The Description of the problem

Assume you are an awesome parent and want to give your children some cookies. But, you should give each child at most one cookie.

Each child i has a greed factor g[i], which is the minimum size of a cookie that the child will be content with; and each cookie j has a size s[j]. If s[j] >= s[i], we can assign the cookie j to the child i, and the child i will be content. Your goal is to maximize the number of your content children and output the maximum number.

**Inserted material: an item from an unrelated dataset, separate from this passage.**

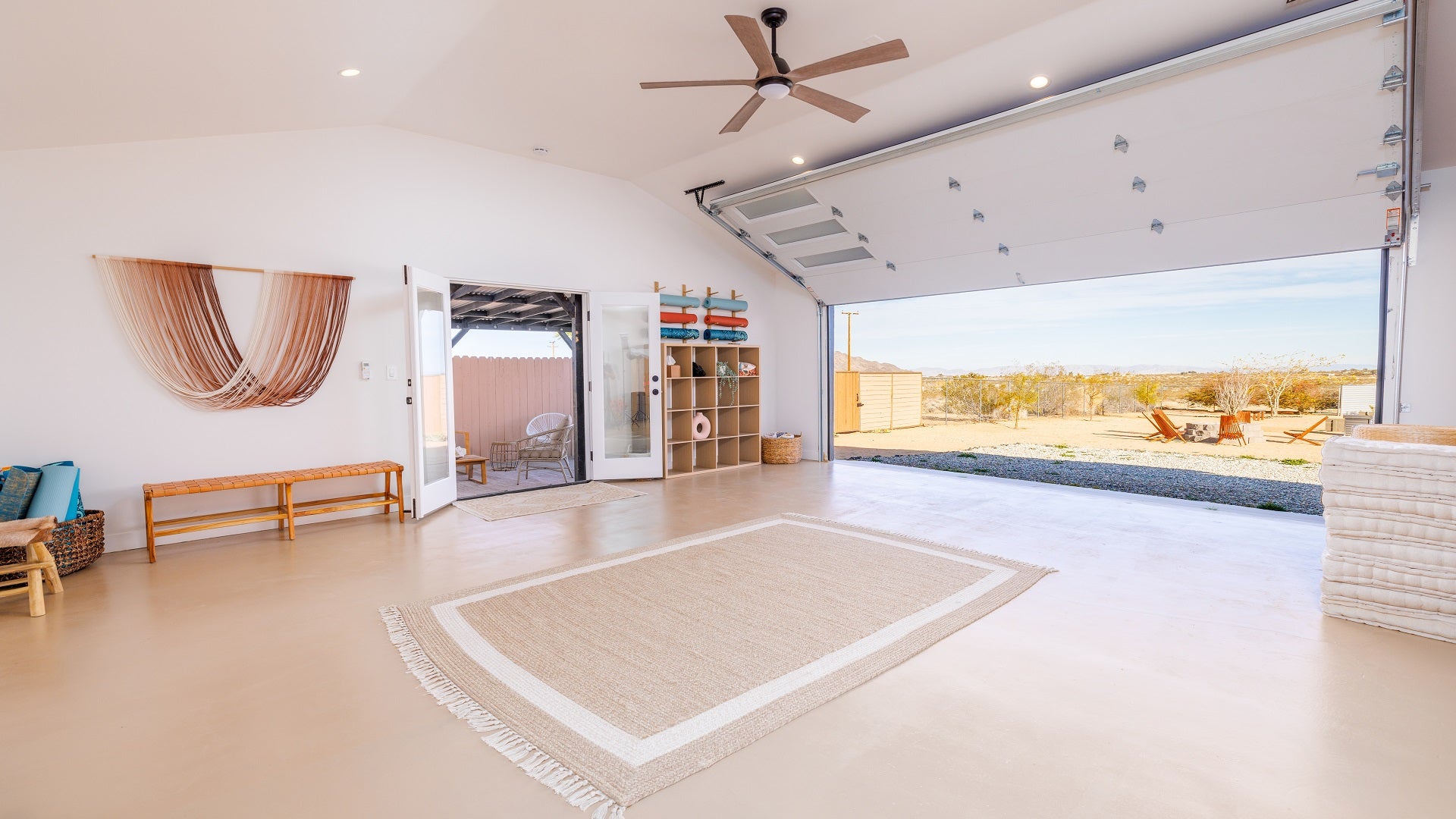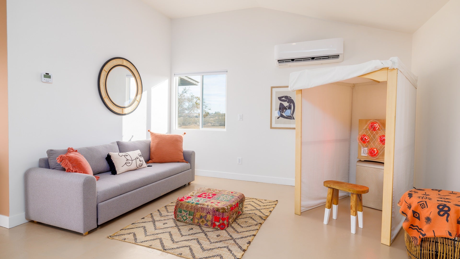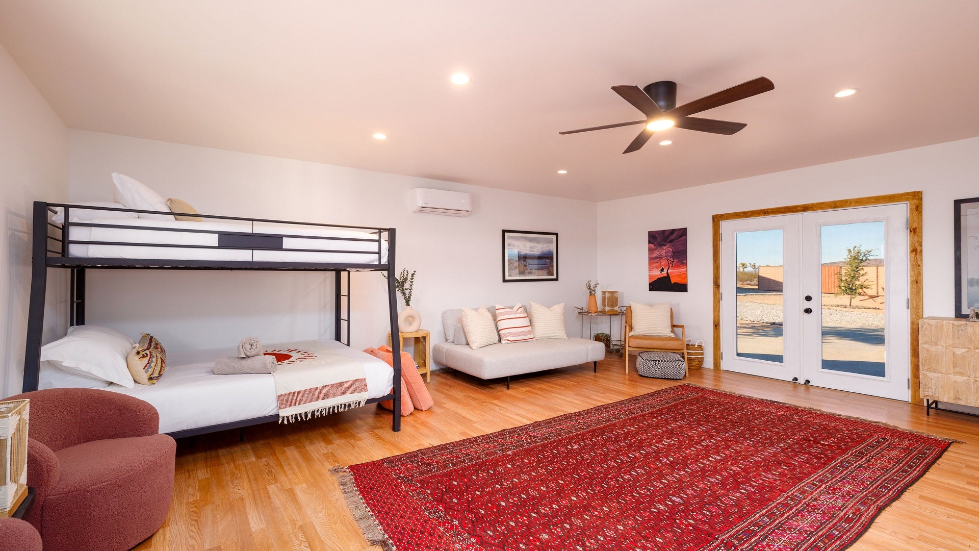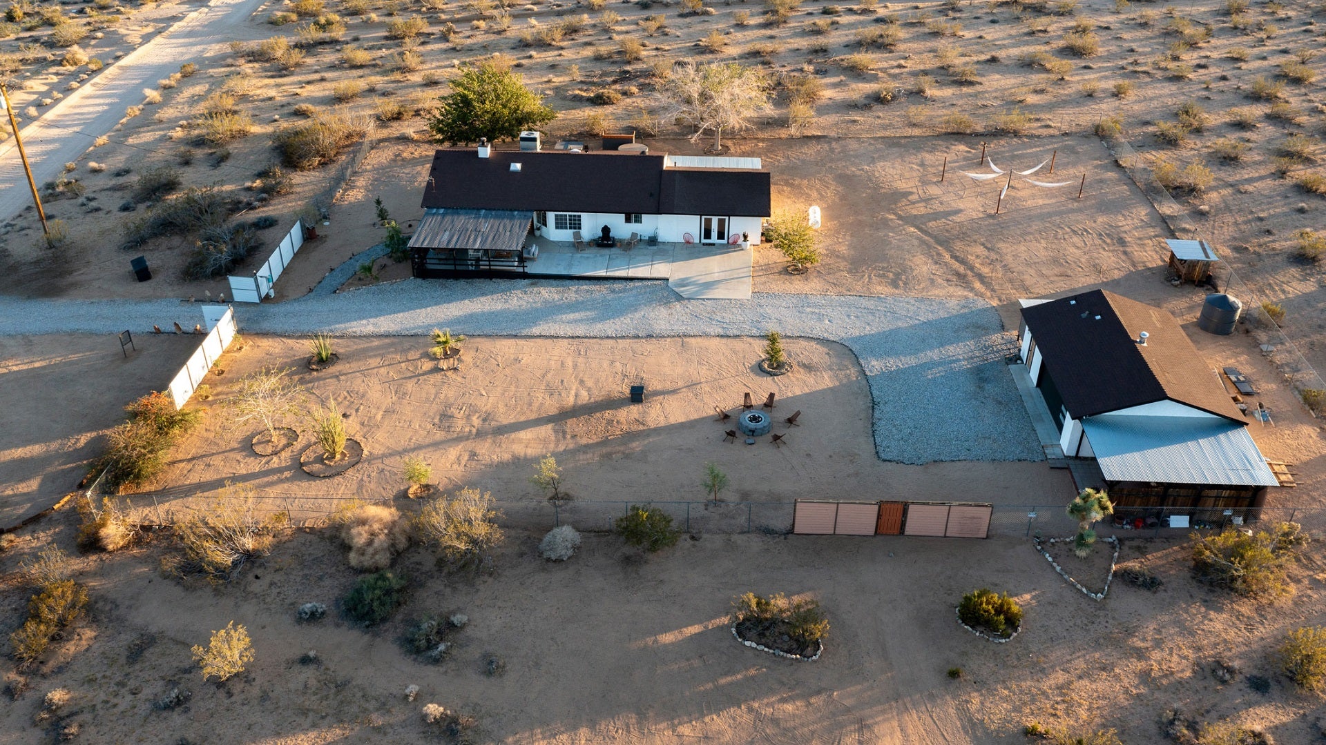 The main house of The Mystic Sky Desert Ranch is a spacious and luminous retreat, adorned with large windows that allow the desert sunlight to flood in, and a prominent firepit that beckons cozy nights under the desert stars. It’s a haven for gatherings, where friends and families can come together to share stories, enjoy delicious meals, and create cherished memories. With a myriad of inviting corners and spaces, it provides the perfect environment to bond, relax, and connect.

The Slution 1 from small to large

class Solution {
public:
    int findContentChildren(vector<int>& g, vector<int>& s) {
        sort(g.begin(), g.end());
        sort(g.begin(), g.end());
        int i = j = 0;
        while (i < g.size() && j < s.size()) {
            if (s[i] >= g[i]) i++; // the essential operation, only if the current child 
             j++;                      is contnt, the next child can get the opportunity
        }
        return i;
    }
};

The analysis for above codes(Generated by ChatGPT):

The above code is a solution to the problem of "Assign Cookies" on LeetCode, which is given two arrays representing the sizes of children's greed factor (g) and the sizes of cookies (s), the goal is to find the maximum number of children who are content with the cookies they receive. The function takes two arguments, a vector of integers representing the sizes of the children's greed factor (g) and a vector of integers representing the sizes of the cookies (s).

The first step is to sort both arrays in ascending order using the built-in sort function. This is done to ensure that the smallest cookies are assigned to the children with the lowest greed factor. The next step is to initialize two variables, i and j, to 0. These variables will be used to iterate through the two arrays, g and s, respectively.

The function then enters a while loop that continues until either the end of the g array is reached or the end of the s array is reached. Inside the while loop, the function checks if the current cookie size (s[j]) is greater than or equal to the current child's greed factor (g[i]). If it is, the function increments the i variable, which moves on to the next child. The j variable is also incremented so that the next cookie can be checked. This step is also the essential operation that makes sure only the children with lower greed factor can get the opportunity to get the cookie.

The while loop continues until either the end of the g array is reached or the end of the s array is reached. At this point, the function returns the value of i, which represents the number of children who are content with the cookies they received.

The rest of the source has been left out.